Antisemitic graffiti was found etched into the walls of a dormitory elevator at the Peabody Institute, according to an email sent on Jan. 26 by University President Ronald J. Daniels and Provost Sunil Kumar.
The graffiti, which has since been covered up, was of four swastikas, an emblem of the Nazi Party that continues to be used today by white supremacists.
“Johns Hopkins University unequivocally condemns the use of this symbol of hate and the antisemitism it embodies in all its forms,” Daniels and Kumar wrote. “We take seriously this and every incident that glorifies hate and violence, and we will continue to investigate and to take all appropriate action to protect the safety and well-being of all members of our community.”
Prior to the email, student groups including Jewish fraternity Alpha Epsilon Pi (AEPi) and the Jewish Student Association of Peabody (JSAP) posted statements on Instagram about the incident, which occurred on Jan. 25 and has since been officially labeled as a hate crime.
AEPi Sentinel and sophomore Nathan Felmus spoke to the graffiti’s hatefulness in an interview with The News-Letter.
“When something like this happens, I think about my family and my friends who are Jewish, but it affects everyone, not just Jews,” he said. “It’s sad when there is a symbol of hate that is so universal that when it is discovered you have to think, ‘Which person is this meant to target?’”
In an email to The News-Letter, JSAP Vice President and Peabody junior Philip Barsky voiced his appreciation for the University’s response to the hate crime.
He also emphasized that the graffiti makes him feel threatened.
“This shocking incident does make me slightly unsafe on campus and like I should be looking over my shoulder, at least while I’m at Peabody,” he wrote. “Before this incident I didn’t believe [antisemitism] was an issue at all.
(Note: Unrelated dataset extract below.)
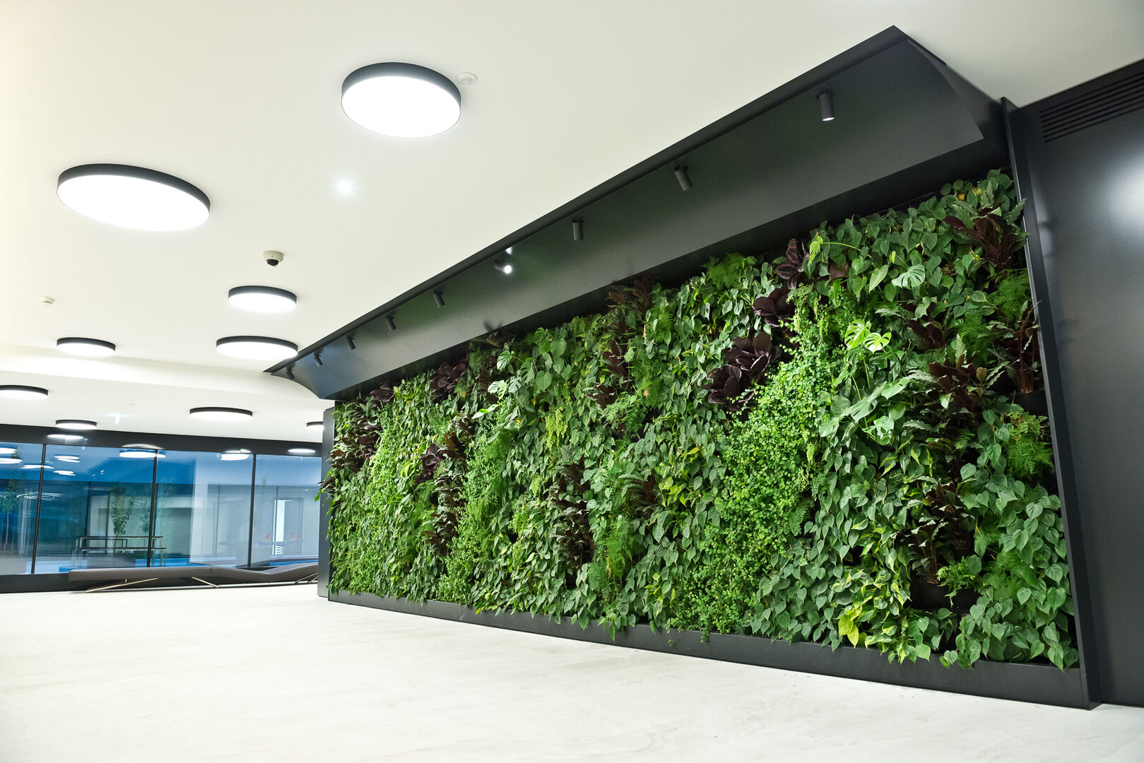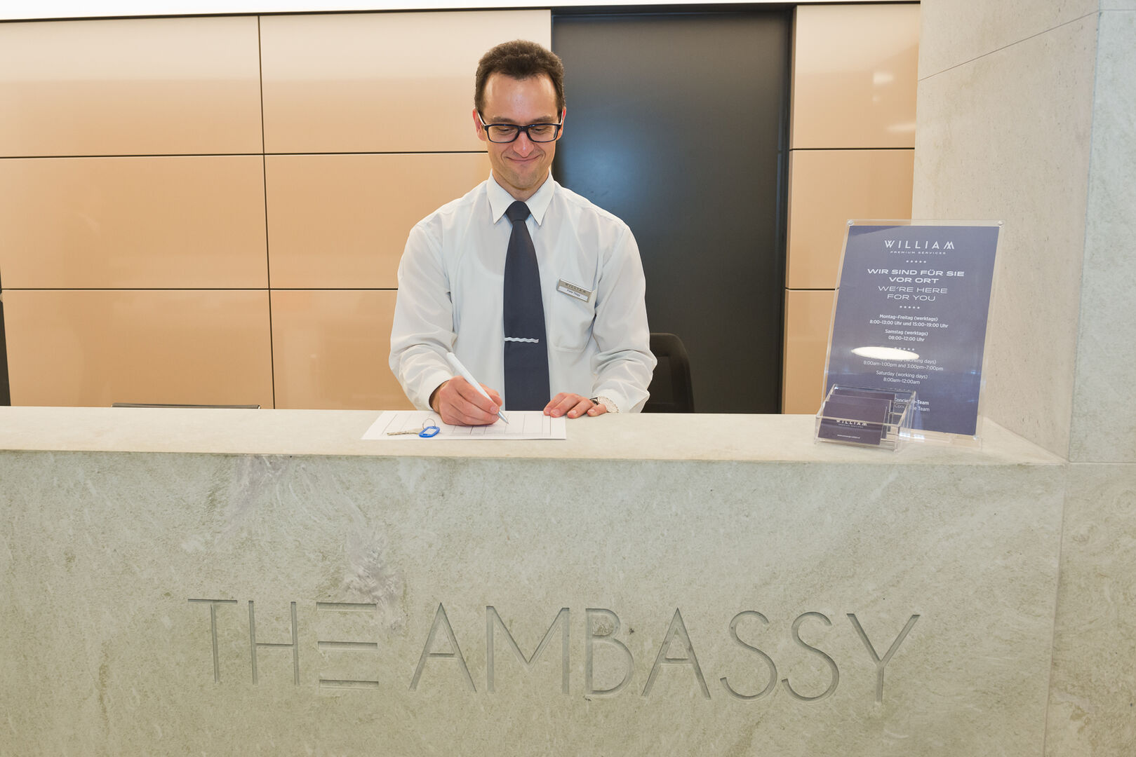Im Eingangsbereich erwarten die Gäste eine begrünte Lobby und der Concierge.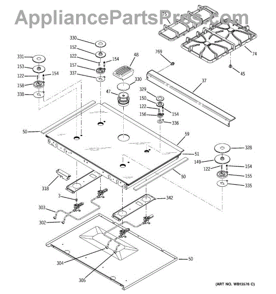 This is a double burner grate. The grates on a gas stove offer protection to the actual burner portion where the flames originate.Grates on a gas stove can become damaged through heavy impacts, rust, or other elements. Failure to keep them clean on a regular basis can also lead to permanent damage. Using certain pots and pans that aren't recommended for the surface could also be a cause of premature wear. Wear gloves when installing this part and be careful not to damage the burner eyes or stovetop. After removing the old grates, prepare the new ones by locating the slots the grates fasten to. Input the outer corners of the grates into these slots and slowly lower them down, making sure they're lined up evenly.This GE double burner grate is a genuine OEM replacement part sourced directly from GE. The grate is only available individually and does not include other parts or the original appliance. This product is compatible with GE brand gas stoves.

I felt, and still feel, very in touch with the Jewish community here at Hopkins through Hillel and do not feel much pushback from any of my peers.”
Felmus shared that expressions of hate have been so prevalent in his life that they no longer shock him. He is, however, still disturbed when they occur.
“It is unequivocally disgusting, hateful and malicious,” he said. “That somebody would carve it somewhere that so many people will walk past everyday, basically saying you are not welcome here, makes me sad.”
AEPi President and Peabody sophomore Eli Wasserman noted that the vandalized elevator was located in his first-year building.
“You see articles about antisemitic attacks at college campuses, but like many other shocking events, you never expect them to happen right at home, especially at your dorm,” he said.
In their email, Daniels and Kumar mentioned that antisemitic hate crimes are at an all-time high nationwide.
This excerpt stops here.